Task requirements | Among the entries that follow, the required portion opens with the line containing "Anel em Ouro" and closes with the line containing "Spawarka inwertorowa Magnum". Give that portion again exactly, and nothing else.

### Source data

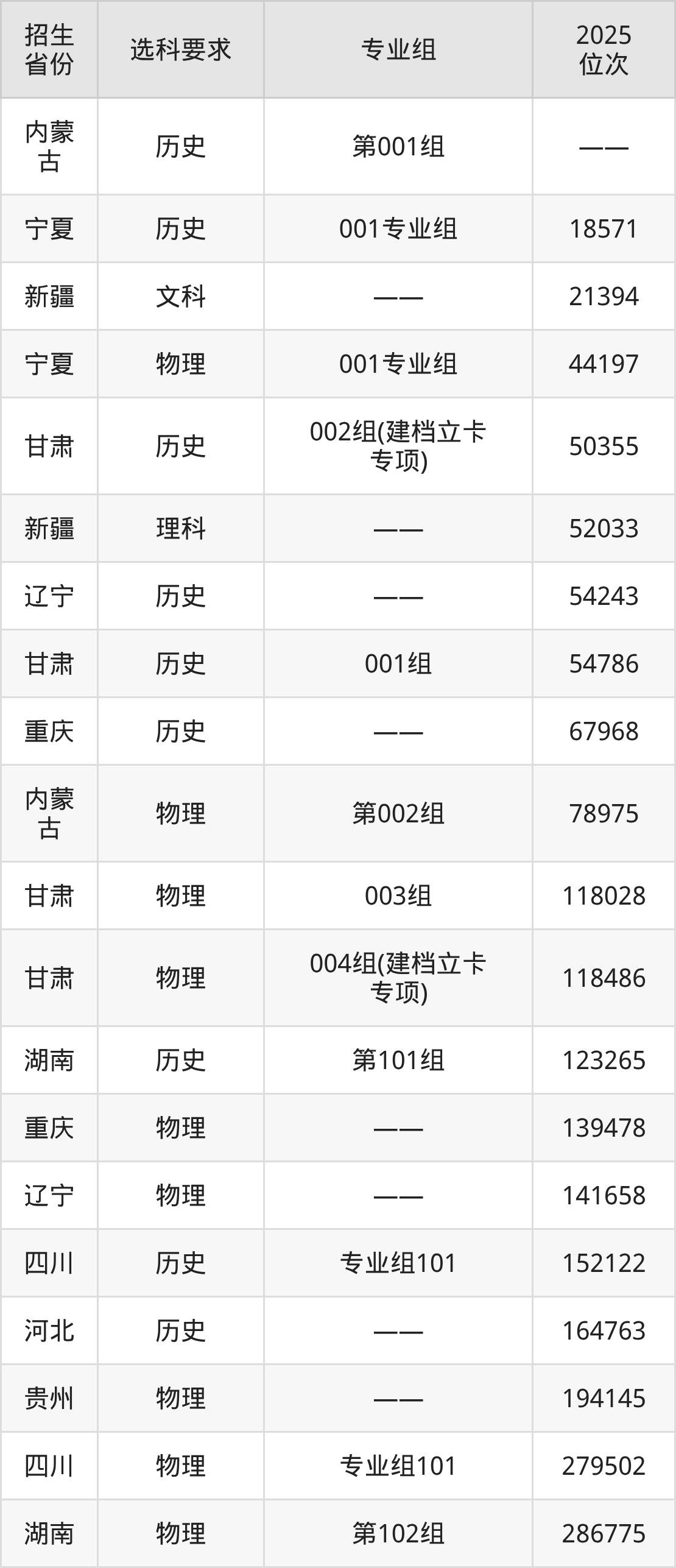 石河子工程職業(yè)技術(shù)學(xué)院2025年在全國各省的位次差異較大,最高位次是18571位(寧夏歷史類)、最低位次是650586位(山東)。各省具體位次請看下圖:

######
### Source data

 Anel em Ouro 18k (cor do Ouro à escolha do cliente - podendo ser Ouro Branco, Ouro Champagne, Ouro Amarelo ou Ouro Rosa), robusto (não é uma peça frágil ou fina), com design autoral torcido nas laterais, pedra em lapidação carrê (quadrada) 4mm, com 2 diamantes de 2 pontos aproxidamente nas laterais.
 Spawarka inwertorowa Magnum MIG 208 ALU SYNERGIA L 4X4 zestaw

######

Task response |
 Anel em Ouro 18k (cor do Ouro à escolha do cliente - podendo ser Ouro Branco, Ouro Champagne, Ouro Amarelo ou Ouro Rosa), robusto (não é uma peça frágil ou fina), com design autoral torcido nas laterais, pedra em lapidação carrê (quadrada) 4mm, com 2 diamantes de 2 pontos aproxidamente nas laterais.
 Spawarka inwertorowa Magnum MIG 208 ALU SYNERGIA L 4X4 zestaw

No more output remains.